Yesterday afternoon at 2 p.m., an Inter-Faith Worship Service held in remembrance of Dr. Martin Luther King Jr. drew well over 100 students, faculty, and community members to Thompson Memorial Chapel. As the College’s opening celebration of King’s birthday, the service comprised a variety of readings and addresses from students, College administrators and invited guests.

President of the College Hank Payne opened the afternoon’s program by welcoming all those who had come, both those who could actually remember King’s lifetime and those who had only learned about it through historical accounts. He compared the distinction between experiencing an event and reading about it in a textbook to the difference between reading a poem and memorizing it. He pointed out that by establishing a memory for something, be it an event or a poem, a person internalizes the memory and makes it a part of himself.

President Payne’s address was followed by a liturgical dance by Medha Kirtane ’00. Intended as a form of worship, her dance expressed a story through body movement, rhythm, and colorful costume.

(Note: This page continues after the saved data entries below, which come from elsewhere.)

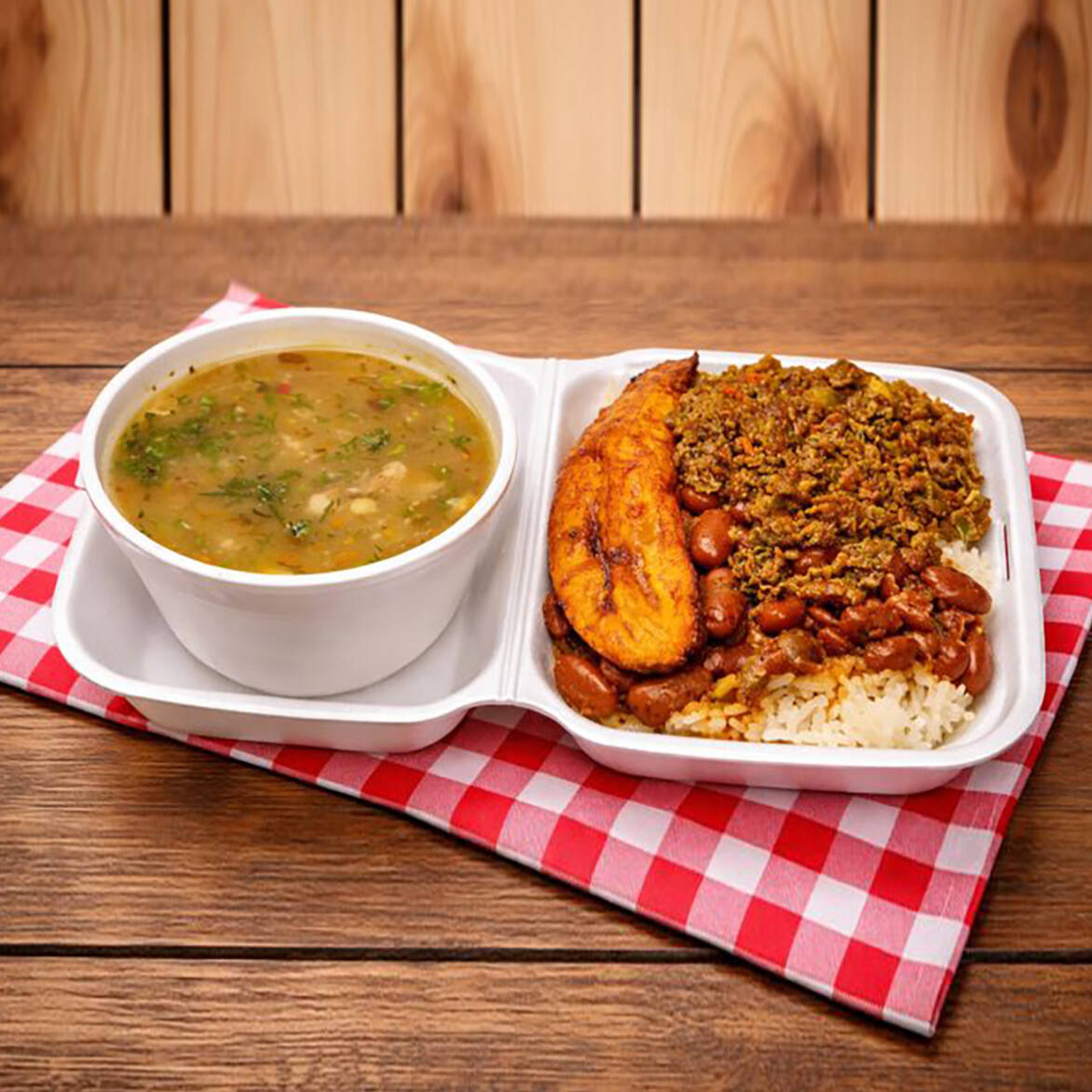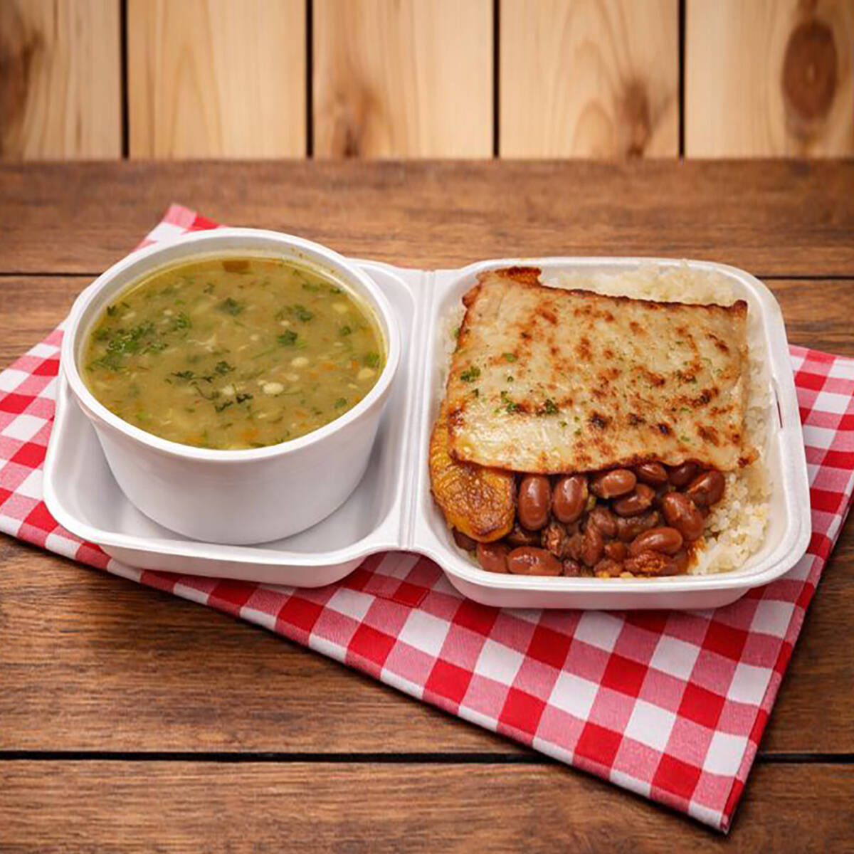 Incluye arroz, granos y carne molida, servido en porta hamburguesa. Acompañado de sopa de 16 oz.
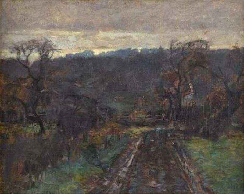 PAUL CORNOYER (AMERICAN 1864-1923) A ROAD AT DUSK
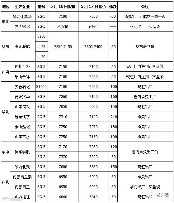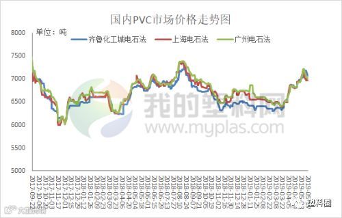 本周国内PVC市场气氛平静,周初价格连续下跌,周中以后稍有好转,累计跌幅在50-150元/吨左右。周初V1909期货即开启下跌模式,日间盘出现明显空头趋势,导致各地区企业多调低出厂报盘,现货市场价格亦继续回落,让利促成交现象屡见不鲜。周三期货开始反弹,企业部分地区有补跌现象,亦有部分企业调高价格,现货市场商家部分有试探高报,华东地区市场跟随期货上涨,随行就市出货成为主流节奏。周五期货下行,部分企业出厂价格有下调,现货市场商家报价出现走低,其中华东地区价格下跌较为明显。下游制品企业逢低刚需补库为主,氛围略显清冷。截止到周五,国内电石法5型料主流报价在6880-7110元/吨;乙烯料主要市场价格在7050-7300元/吨,高型号价格高100-150元/吨。
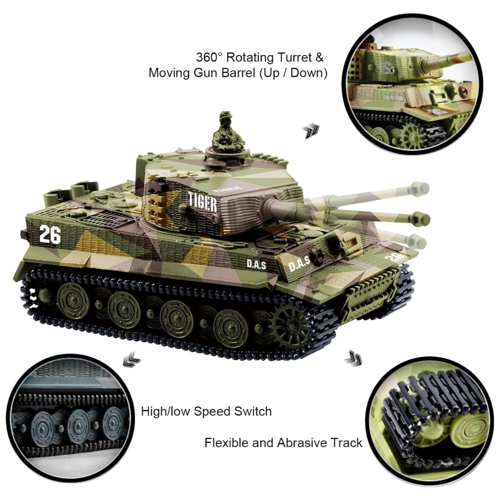 Este mini tanque de controle remoto escala 172 parece um tanque tigre real com grandes detalhes.
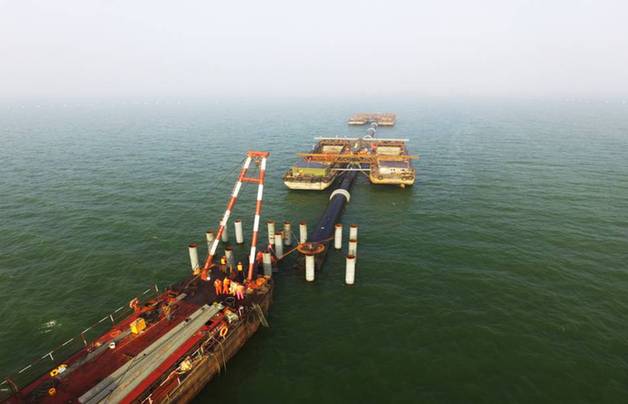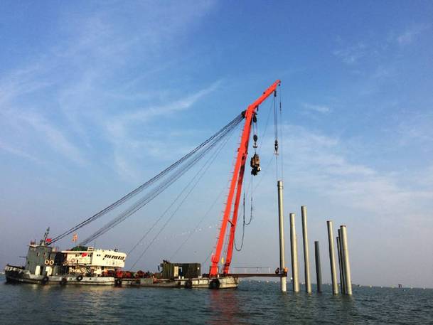 此次建設(shè)者們面對(duì)的是直徑2.6米,沉管長(zhǎng)度228米,水深超過(guò)20米的水下鋼管鋪管施工,因?yàn)槠涑笾睆健⒊L(zhǎng)沉管、超深水域的特點(diǎn),被業(yè)界稱(chēng)為國(guó)內(nèi)最深水下鋪管工程,施工難度極大。項(xiàng)目開(kāi)工之后,建設(shè)者們就遇到第一個(gè)難題,水下沉管首先需要在平均深度達(dá)到20米的湖底打下93根鋼管樁,以3根為一橫排,豎排31根要保持在一個(gè)直線(xiàn)上,以便水下沉管固定安裝。由于水深關(guān)系,以現(xiàn)有彈簧振動(dòng)樁錘或者液壓式?jīng)_擊錘,難以達(dá)到深水樁基進(jìn)度要求,為此,建設(shè)者們創(chuàng)新研制了新型深水樁基送樁器,其本體由上、下兩部分組成,上部分采用上部鋼管,在所述上部鋼管的外表面由上至下標(biāo)有刻度尺,用于控制貫入度及施打深度;下部分采用下部鋼管,上下兩部分通過(guò)上下部分連接件銜接,分別與上下部分鋼管焊接,在與上下部分焊接部位沿著鋼管周側(cè)等間隔設(shè)有若干加勁板。 通過(guò)新型深水樁基送樁器使用,保證了深水打樁垂直度、貫入度、樁頂標(biāo)高。
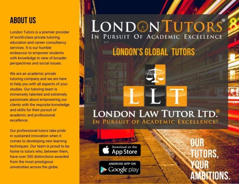London Tutors®, Law Tutors Online, and London Law Tutor® are trading names of London Law Tutor Ltd. which is a company registered in England and Wales. Company Registration Number: 08253481. VAT Registration Number: 160291824 Registered office: Berkeley Square House, Berkeley Square, London, UK W1J 6BD - All Rights Reserved. - Copyright © 2012-2023.
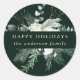 Evergreen & Cotton Flowers Happy Holidays Green Classic Round Sticker
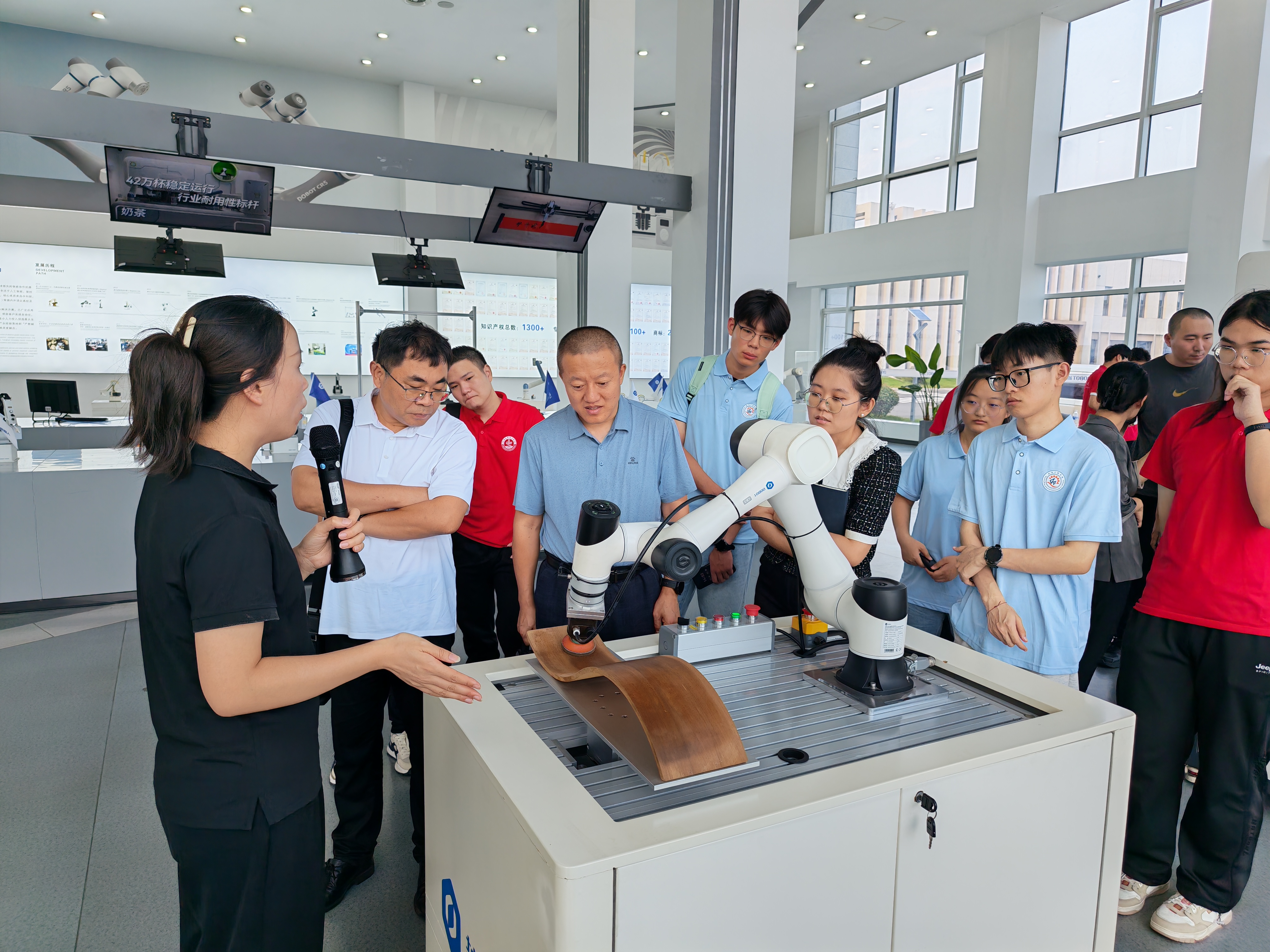 为深入推进2025届、2026届毕业生工作有效衔接,落实学校高质量安全就业工作部署和一线工作理念,8月29日,tyc7111cc太阳成集团党委副书记杨小明、副院长杨化林、张卫锋赴越疆科技股份有限公司开展访企拓岗,越疆科技股份有限公司教育事业部华北区总监徐睿含、教育事业部高级经理刘杰、人力行政部制造中心经理刘亚斌等人陪同调研,辅导员杜康、许婷婷和学院12名2026届毕业生参加活动。
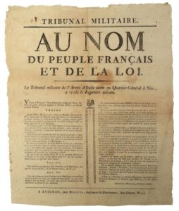 AN 3. ALPES MARITIMES. Au nom du peuple Français.. Arrêté du TRIBUNAL MILITAIRE DE L’ARMÉE D’ITALIE séante au Q.G. à NICE (06) le 17 prairial an 3 (5 Juin 1795), concernant la désertion. Impr. à AVIGNON, chez Mouriès, rue Galante. Vignette au coq. Placard (44 x 36) État A.
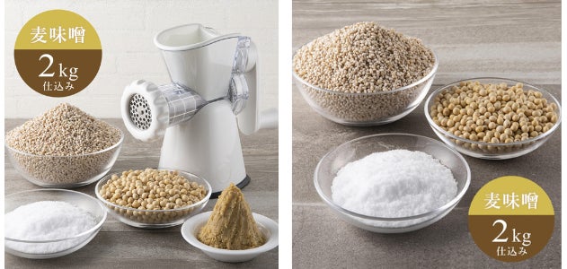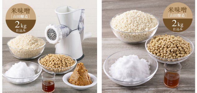 ミンサー付米味噌セットと、原材料のみ米味噌セット2kg仕込みの2種類をご用意しております。
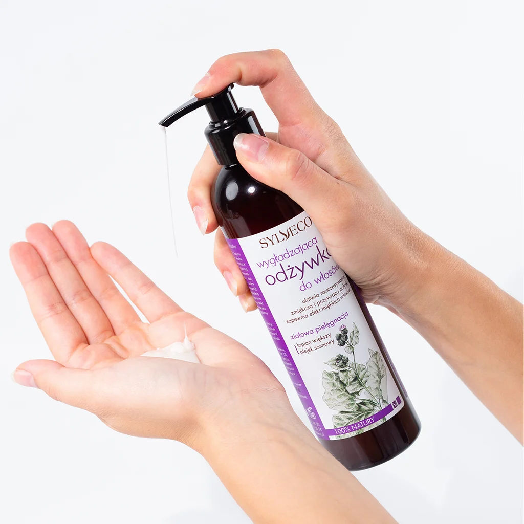 Wygładzająca odżywka na bazie ekstraktu z łopianu przeznaczona jest do każdego rodzaju włosów. Zawiera składniki wzmacniające, nawilżające i odbudowujące, dzięki którym włosy nabierają blasku, ładnie się układają, są gładkie i elastyczne. Olej z pestek winogron, oliwa z oliwek i olej arganowy chronią przed wysuszeniem i uszkodzeniami. Dodatkowo cukier i panthenol (humektanty) zatrzymują wilgoć i pozwalają uzyskać odpowiednią objętość fryzury, bez obciążenia. Stosowanie odżywki po każdym myciu włosów zapewnia efekt idealnie miękkich, wygładzonych i pełnych blasku włosów.
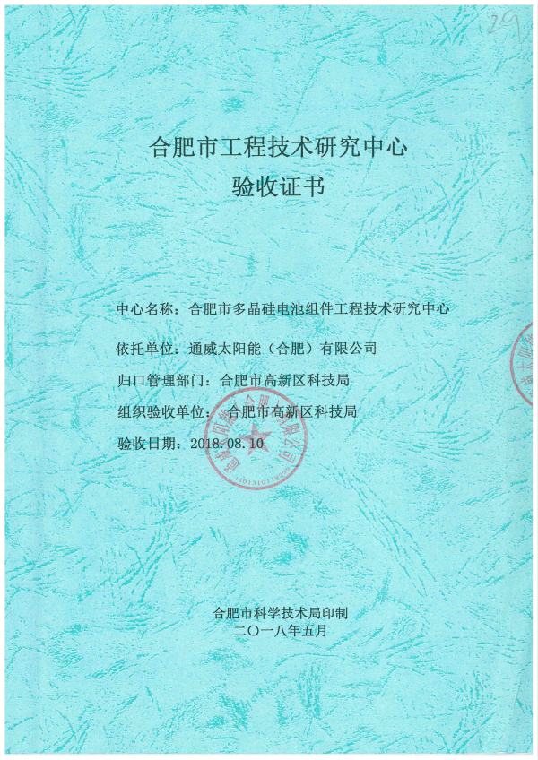 通威太陽能合肥公司順利通過市級工程技術研究中心驗收
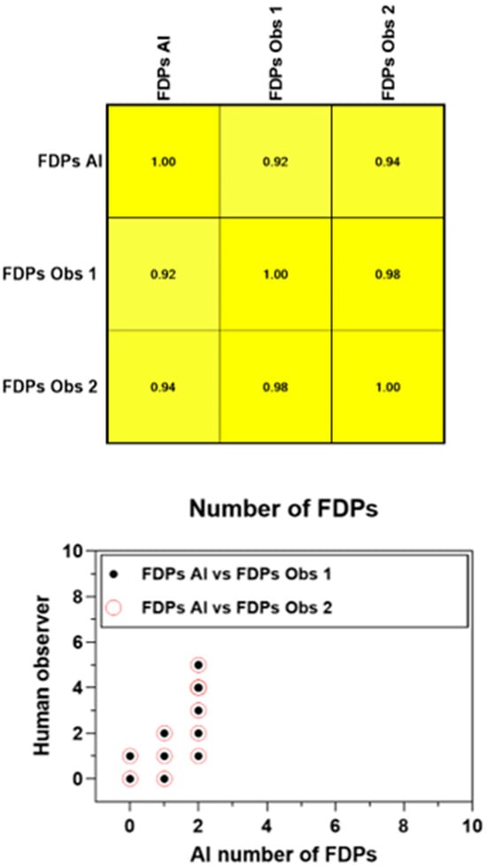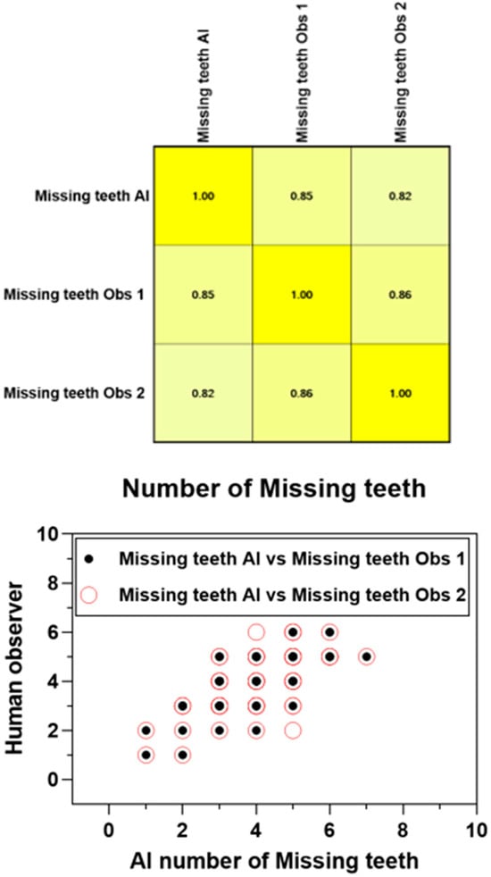 The Pearson product–moment showed a strong correlation (R > 0.5) between the perception of the AI and the perceptions of observer 1 and observer 2 for all structures that were identified in the periapical radiograph. For the number of teeth with caries, the AI correlation was found to be 0.70–0.73 (Figure 1 and Figure 2). This demonstrates the AI’s capability to accurately detect caries, which is critical for early diagnosis and intervention. For the number of implants, the AI correlation was found to be 0.97–0.98 (Figure 3 and Figure 4). This near-perfect agreement showcases the AI system’s proficiency in identifying implants, which is vital for patient treatment planning and follow-up. For the number of teeth with fillings, the AI correlation was found to be 0.85–0.89 (Figure 2 and Figure 5). This strong correlation, reflecting the AI’s accuracy in detecting dental restorations, is essential for assessing the integrity and longevity of dental restorative treatments. For the number of teeth with fixed prostheses, the AI correlation was found to be 0.92–0.94 (Figure 4 and Figure 6), while that for the number of missing teeth was found to be 0.82–0.85 (Figure 7). These capabilities of the AI system are crucial for comprehensive dental evaluations and indicate a high level of reliability in identifying edentulous areas, which is important for treatment planning and prosthetic considerations.
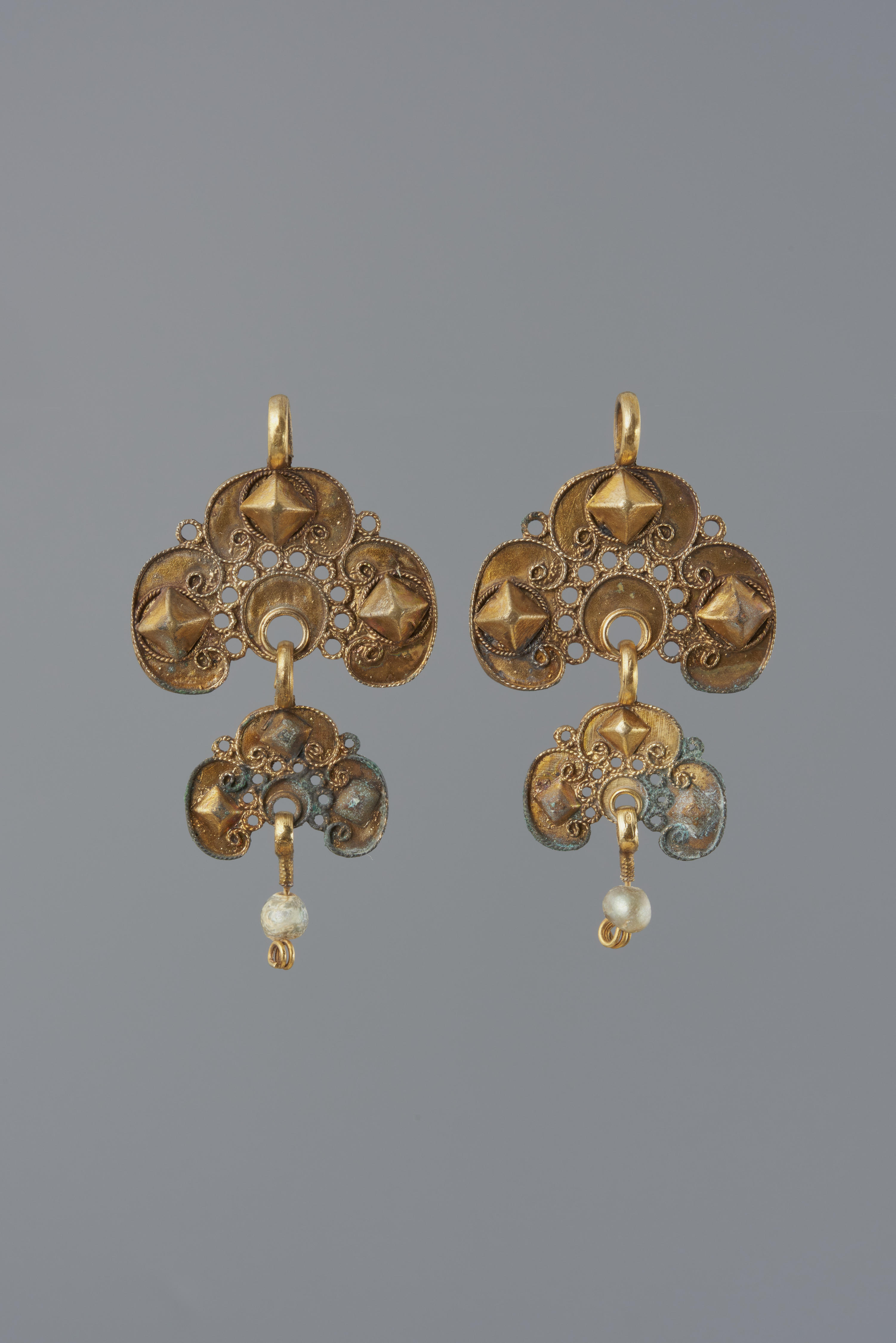 Paar 'dubbele strikken'. De oorijzerhangers zijn in het museum toegeschreven aan Axel, maar waarschijnlijk gedragen door een vrouw uit Arnemuiden. Axelse 'dubbele strikken' zijn meestal aan de voor- en achterzijde gelijk. Deze messing hangers zijn in 1955 in opdracht van het museum verguld en van andere parels voorzien. De vervaardiger en vervaardigingsdatum zijn onbekend.
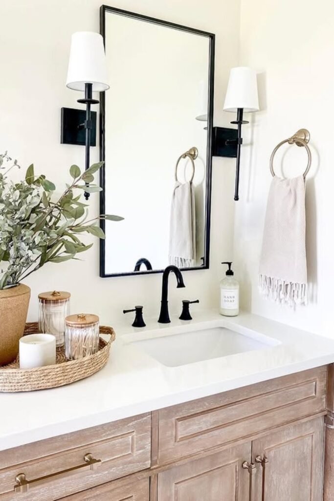 You can keep your bathroom organized and cozy using a woven tray for essentials. Pair a warm wood vanity with matte black fixtures to create visual contrast.
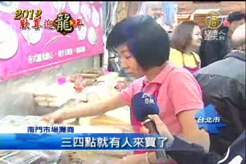 【新唐人亞太台2012年1月21日訊】今天是過年假期的第一天,新聞一開始,先帶您看到,台北市南門市場,今天一早就擠滿了採買年貨的民眾,尤其是熟食區,人更是多到寸步難行,業者說,昨天忙到凌晨一兩點,但是今天清晨四五點就有客人上門,買熟食的民眾覺得價格似乎有貴個一兩成,因為一千元買沒兩樣東西,就花光光。
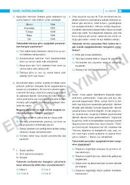 1. Aşağıdaki tabloda ülkelere göre kadınların oy 4. Orta Asya’da kurulan ilk Türk devletlerinde ka-
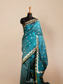 An emerald Banarasi silk saree, its body adorned with intricate gold zari motifs that catch the light with every movement. The rich green hue and delicate detailing evoke a sense of celebration and heritage, draping you in confidence and poise while letting the beauty of traditional craftsmanship shine.

Chaplain of the College Robert K. Buckwalter gave the invocation, which was followed by a series of student readings. Royce Smith ’01 of the Black Student Union read a poem by Martin Luther which King is said to have carried with him in his pocket throughout his life. Smith’s commentary following the reading discussed the long-term process necessary for racial healing.

Joe Kauffman ’99 and Max Weinstein ’00 of the Williams College Jewish Association offered a reading of Zechariah 4:1-7, which promoted the importance of spirit. Kauffman chanted the verses in Hebrew and then Weinstein followed with an English translation.

Kate Hedden ’98 of the Williams Christian Fellowship read selections from More than Equals by Spencer Parker and Chris Rice. She reminded everyone to keep in mind what it really means to embrace the tenets of Christianity. She urged the Christian members of the congregation not only to devote themselves to the love of God, but also to treat other people with the same amount of love and respect. That is, to be a Christian not only nominally, but in spirit.

Zehra Abid ’99 of the Williams College Muslim Student Union concluded the student segment with a reading from the Koran in Arabic. Unfortunately, no translation of her piece was provided.

Reverend Peter T. Elvin then led the people in a “Passing of the Peace” ceremony. Participants were encouraged to take a moment to greet those around them and to wish them peace. Smiles and handshakes were passed among the people in a friendly gesture of community among strangers.

Following this ritual, the assembly was treated to an essay written and read by fifth-grader Rachel Glover. The charming Glover gave her own personal reaction to the issues with which civil rights activists such as King dealt. “I don’t know how it feels to be always mistreated everywhere I go. I don’t know how it feels to be told I can’t drink from a certain water fountain or eat in a certain restaurant,” she said. “I do know how it feels to be angry about much smaller things. When you’re hurt and angry it’s hard not to hurt back.” The audience members were moved by her youthful, yet savvy insights.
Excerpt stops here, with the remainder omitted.